Insulin diperlukan pada keadaan :
HbA1c > 9% dengan kondisi dekompensasi metabolik
Penurunan berat badan yang cepat
Hiperglikemia berat yang disertai ketosis
Krisis Hiperglikemia
Gagal dengan kombinasi OHO dosis optimal
Stres berat (infeksi sistemik, operasi besar, infark miokard akut, stroke)

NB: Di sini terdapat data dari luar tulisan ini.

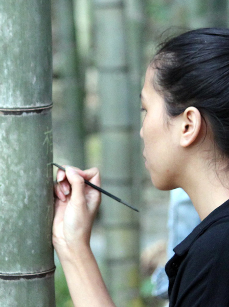 Una visitante escribe en un tronco de bambú en una zona habilitada para grafiti en la monta?a Jinzi de la provincia de Guangdong. Zeng Linghua / Para China Daily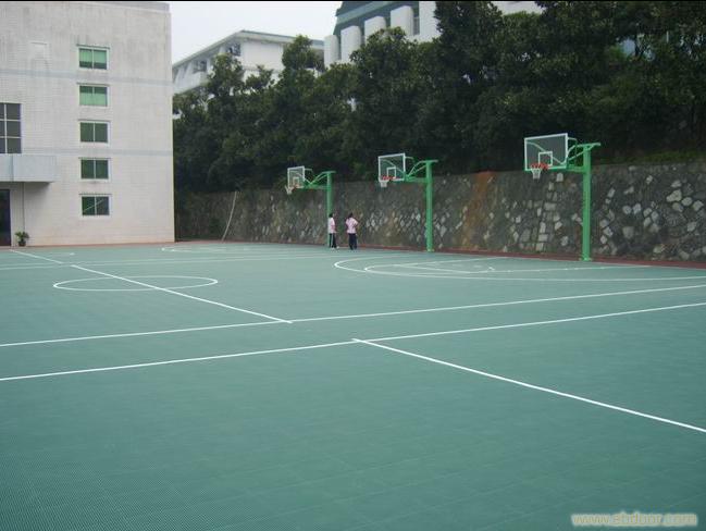 4、施工简便快捷:地板间以锁扣衔接,不需胶水和钉子固定。通常四人不到三小时即可完成一块标准篮球场地铺装或揭起。平时维护室外只需用水冲洗即可,室内使用拖把清洁,真正实现零成本维护。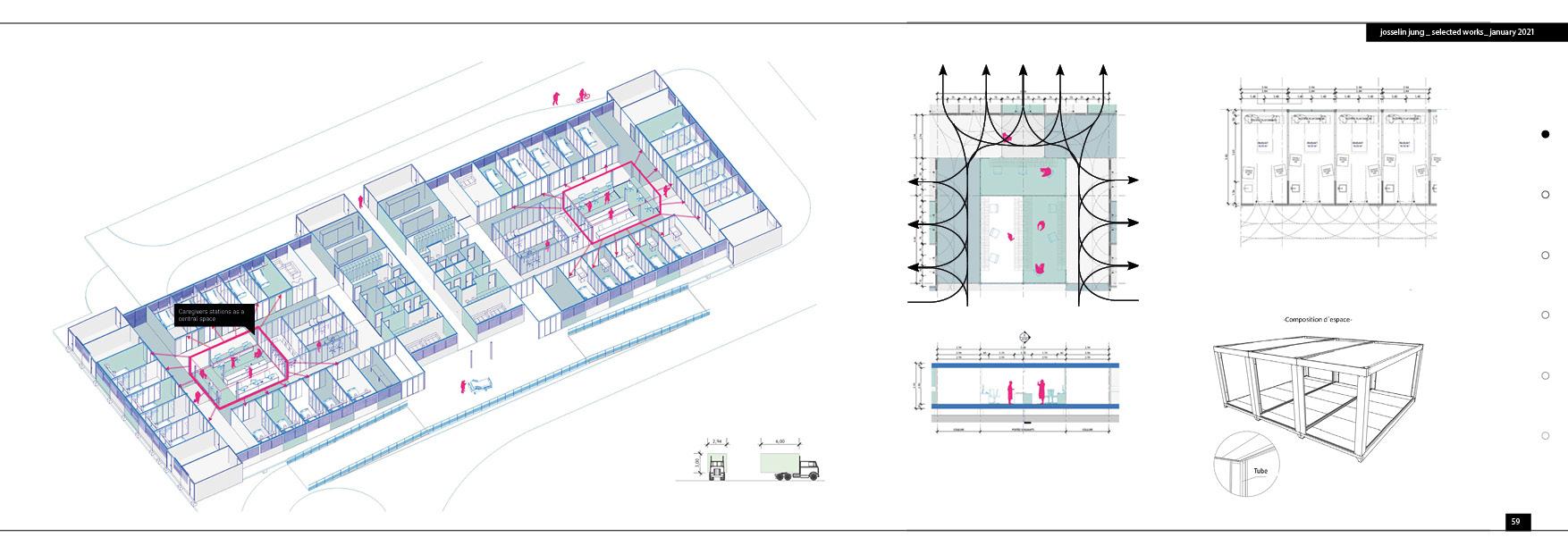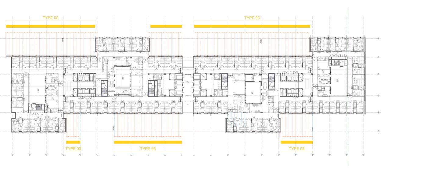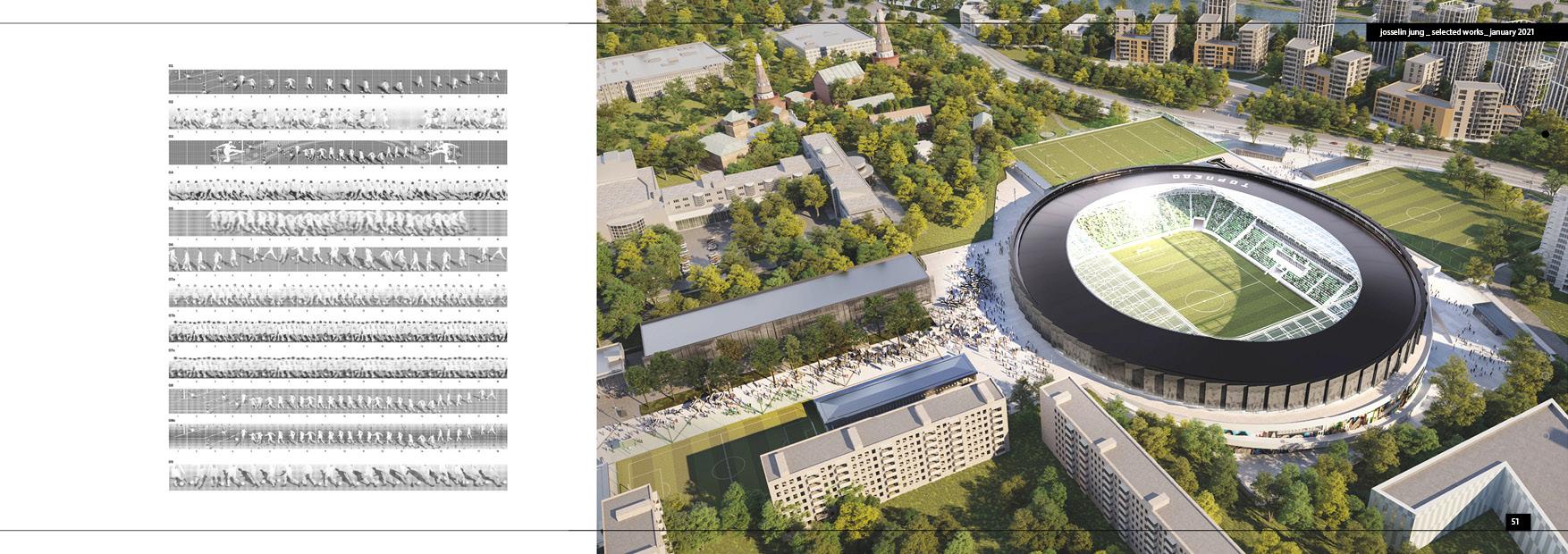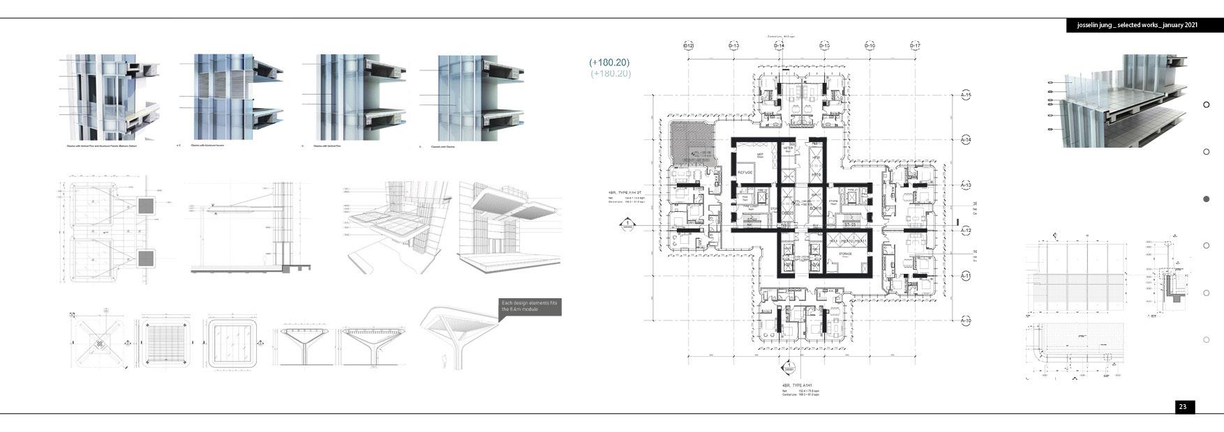 : dPa la stratégie d’organisation fonctionnelle du projet, reposant sur la superposition de 4 lingots quasiment identiques, est très efficace et rationnelle. ce dispositif permet de créer une dynamique sans perturber l’efficacité et la rentabilité des plans. Mon rôle de chef de projet sur la phase aPd consistait principalement à constiuter les booklet d’étude du projet, principalement des façades, en coordination avec les architectes locaux “Hoffmann-janz”. sous la supervision de dominique Perrault et/ou du directeur de projet, j’ai pu constituer les différentes études sur les 3 parties “socle, “fishskin”, et toiture, constituant l’identité du projet.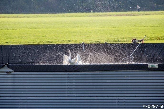 De brandweer heeft maandag drie zwanen uit twee waterbassins aan de Tuinderslaan in Mijdrecht gehaald.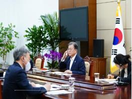 문 대통령은 “좋은 평가 감사하다”면서 “아직도 산발적인 감염이 발생하고 있어 긴장을 늦추지 않고 있다”고 밝혔다.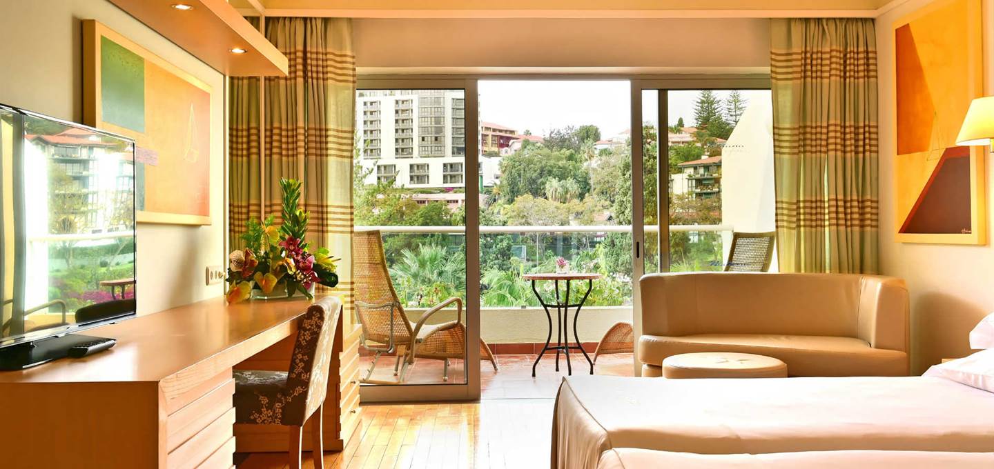 This room has a balcony with a table and chairs and views of the bay of Funchal or the ocean. It features a double bed or two single beds. Maximum capacity: 2 adults. Area: 30m²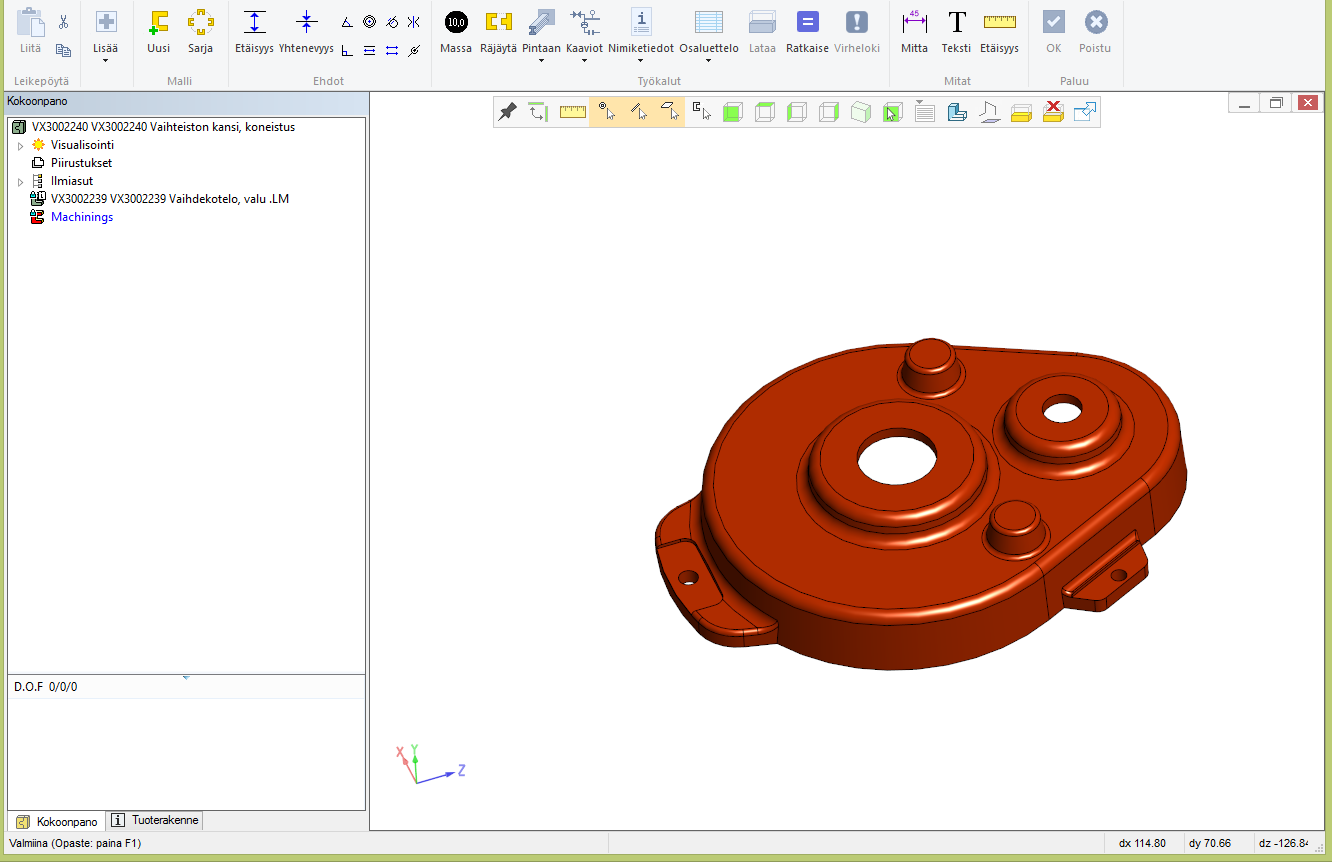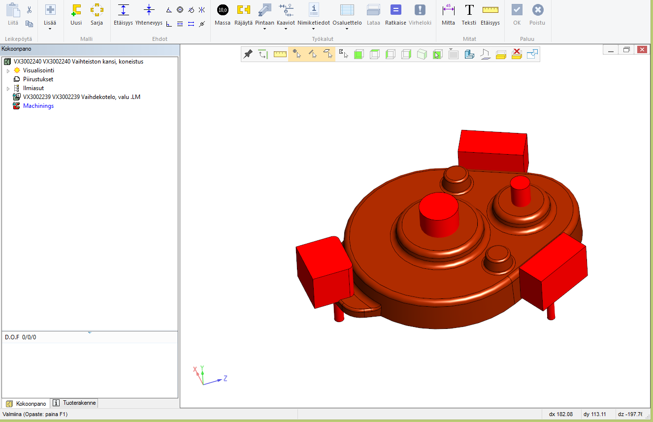 Kuva 4: Koneistukset kokoonpanossa. "M"- näppäimellä voit asettaa työkalu- tyyppiset osat näkyviin ja pois näkyvistä.
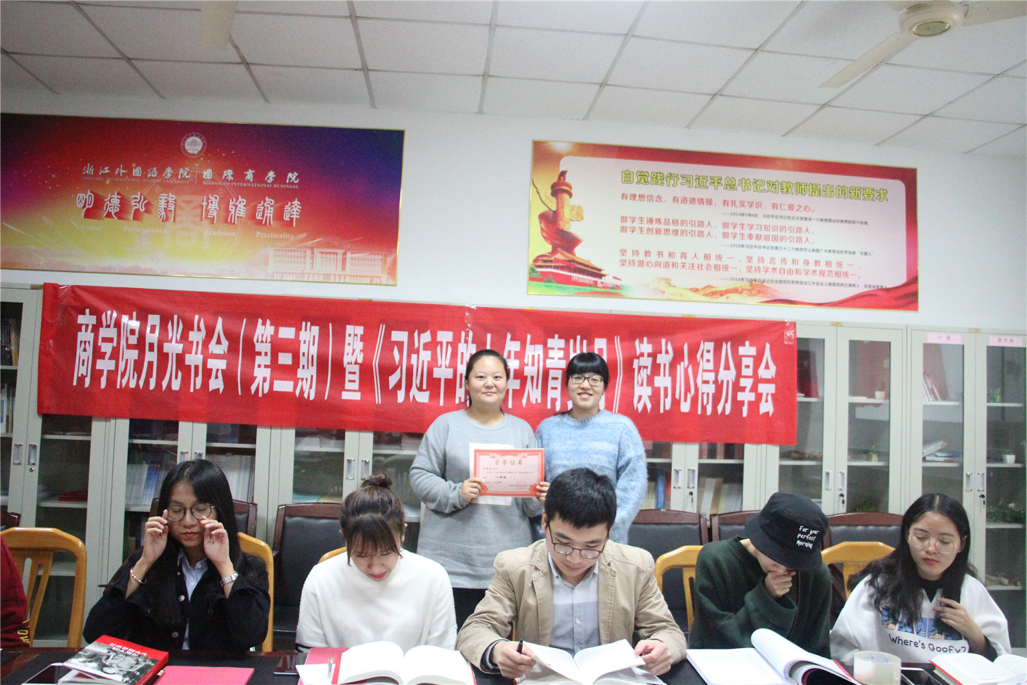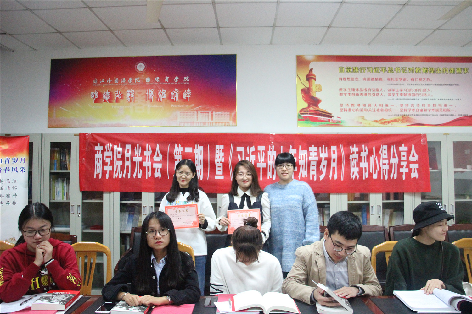 10月29日晚,商学院月光书会(第三期)暨《习近平的七年知青岁月》读书心得分享会于望院D428教室举行。学生泥巴影视指导老师王化明、学生泥巴影视主任陈雪珂及日前学院举办的音频征集比赛获奖同学出席会议,本次会议由院学生泥巴影视办公室部长刘玉主持,在座同学谈心得、说体会、话担当,总结学习感悟。

Kehamilan dengan DM/Diabetes melitus gestasional yang tidak terkendali dengan
perencanaan makan
Gangguan fungsi ginjal atau hati yang berat
Kontraindikasi dan atau alergi terhadap OHO
Kondisi perioperatif sesuai dengan indikasi
Pada pasien ini diberikan terapi insulin lantus 1x6 iu untuk mengatasi hiperglikemia
Pasien diabetes melitus yang terkontrol dengan diet dan obat hipoglikemik oral, pada fase
akut stroke memerlukan terapi insulin. Demikian pula pada pasien diabetes melitus yang
biasanya mendapatkan terapi insulin akan memerlukan penambahan dosis insulin selama fase
akut stroke. Tujuannya adalah kadar glukosa darah tidak kurang dari 100 mg/dL dan tidak
lebih dari 200 mg/dL. Dosis insulin yang diberikan tergantung sensitivitas pasien terhadap
insulin. Pasien usia muda, kurus dan tidak stres lebih sensitif terhadap insulin sehingga
memerlukan dosis insulin lebih sedikit.